G-CSF regulates hematopoietic stem cell activity, in part, through activation of Toll-like receptor signaling

Abstract

Recent studies demonstrate that inflammatory signals regulate hematopoietic stem cells (HSCs). Granulocyte colony-stimulating factor (G-CSF) is often induced with infection and has a key role in the stress granulopoiesis response. However, its effects on HSCs are less clear. Herein, we show that treatment with G-CSF induces expansion and increased quiescence of phenotypic HSCs, but causes a marked, cell-autonomous HSC repopulating defect associated with induction of Toll-like receptor (TLR) expression and signaling. The G-CSF-mediated expansion of HSCs is reduced in mice lacking TLR2, TLR4 or the TLR signaling adaptor MyD88. Induction of HSC quiescence is abrogated in mice lacking MyD88 or in mice treated with antibiotics to suppress intestinal flora. Finally, loss of TLR4 or germ-free conditions mitigates the G-CSF-mediated HSC repopulating defect. These data suggest that low-level TLR agonist production by commensal flora contributes to the regulation of HSC function and that G-CSF negatively regulates HSCs, in part, by enhancing TLR signaling.

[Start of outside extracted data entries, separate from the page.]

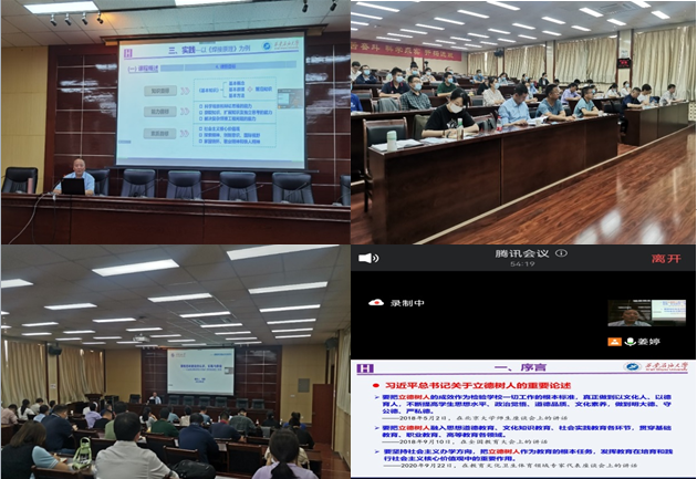 特邀省级教学名师周勇教授给全院教职工作了题为“课程思政的认识、实践与体会”的专题报告。会议按照疫情防控工作要求,采用线下、线上相结合的模式进行,由院长张骁勇主持。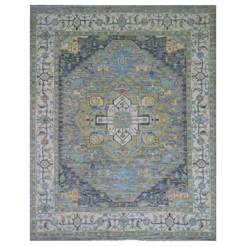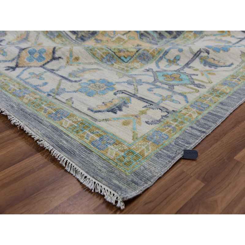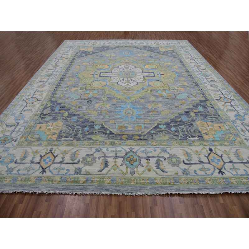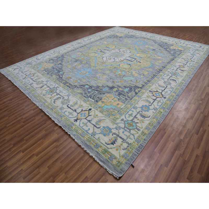 12’2″x15’4″ Slate Gray, Hand Knotted, 100% Wool, Oushak Weave with Heriz Design, Lush Pile, Vegetable Dyes, Oversized, Oriental Rug Sh79896
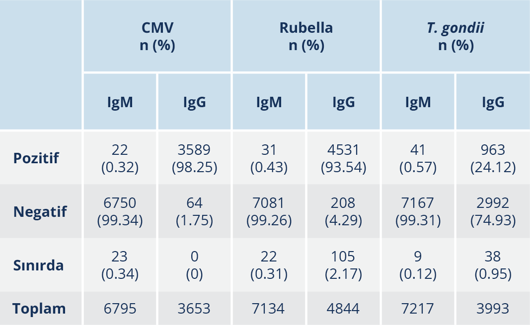 Toplam 6795 hasta örneğinde CMV IgM antikorları çalışılmış olup 22 (%0.32)’sinde sonuç pozitifti; 10 örnekte sadece IgM pozitif olarak saptanmış olup IgG negatif idi. CMV IgG antikoru 3653 hastanın 3589 (%98.25)’unda pozitif bulunmuştu; CMV antikorları pozitif olarak bulunan hastaların yaş ortalaması 29.56±6.6 yıl olarak belirlendi. T. gondii IgM antikorları incelenen 7217 hastanın 41(%0.57)’inde pozitif bulunmuş olup sadece IgM pozitif bulunan 16 hasta olduğu görüldü. T. gondii IgG antikorları incelenen 3993 hastanın 963 (%24.12)’ünde pozitiflik saptanmıştı; IgM ve\veya IgG pozitif olarak saptanan hastaların yaş ortalamaları 31.27±6.6 yıl olarak tespit edildi. Rubella antikorları açısından değerlendirilen hastalarda IgM pozitifliği 7134 hastadan 31 (%0.43)’inde saptanmış olup 11 hastanın sadece IgM pozitif olduğu görüldü. IgG pozitifliği 4844 hastanın 4531 (%93.54)’inde saptanmıştı ve hastaların yaş ortalaması 28.94±6.6 yıl olarak hesaplandı (Tablo 3).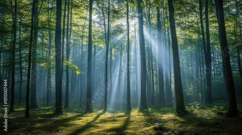 Fototapeta premium Sunbeams pierce through misty forest. Perfect for nature, tranquility, and...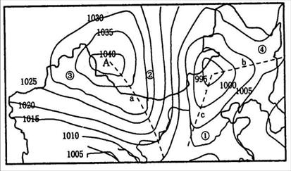 (4)图中①②③④地中,风速最大的是______,判断的理由是______________(3分)

Figure 1. G-CSF treatment increases the number of phenotypic HSCs in the bone marrow, but results in a loss of HSC repopulating and self-renewal activity

Bone marrow cells were harvested from mice treated with G-CSF or saline alone (PBS) for 7 days and analyzed by flow cytometry. (A) Representative dot plots showing the gating strategy used to identify phenotypic HSCs in the bone marrow. The frequency (B) and absolute number (C) of KSL CD34- CD41- Flk2-and the frequency (D) and absolute number (E) of KSL CD150+ CD48- CD41- cells in the bone marrow are shown. Data represent >5 independent experiments and 24–26 mice per condition. Competitive repopulation assays were performed using bone marrow cells from saline- or G-CSF-treated mice (Ly5.2), which was transplanted in a 1:1 ratio with untreated wild-type marrow (Ly5.1) into lethally irradiated recipients (Ly5.1/Ly5.2). (F) Shown is the percentage of donor (Ly5.2⁺) leukocytes in the blood. Data represent 6–12 mice per cohort from three pooled experiments. (G) The frequency of donor (Ly5.2⁺) B cells (B220⁺), T-cells (CD3e⁺), and neutrophils (Gr-1^high) in the peripheral blood 22 weeks after transplantation for a representative experiment is shown. (H) CD150⁺ CD48⁻ CD41⁻ lineage- cells were sorted by flow cytometry from the bone marrow. Sixty of these cells (Ly5.1⁺) were transplanted along with 500,000 competitor (Ly5.1/5.2) bone marrow cells into irradiated recipients (Ly5.2⁺). Shown is the percentage of donor (Ly5.1⁺) cells in the blood 20 weeks after transplantation (n=5 mice per condition). (I) Bone marrow cells harvested from primary recipients at 22 weeks as shown in (F) were transplanted into secondary recipients and the percentage of donor (Ly5.2⁺) leukocytes in the blood at 20 weeks was determined (n=3–4 mice per condition). Data represent the mean ± SEM. **p<0.01; ***p<0.001.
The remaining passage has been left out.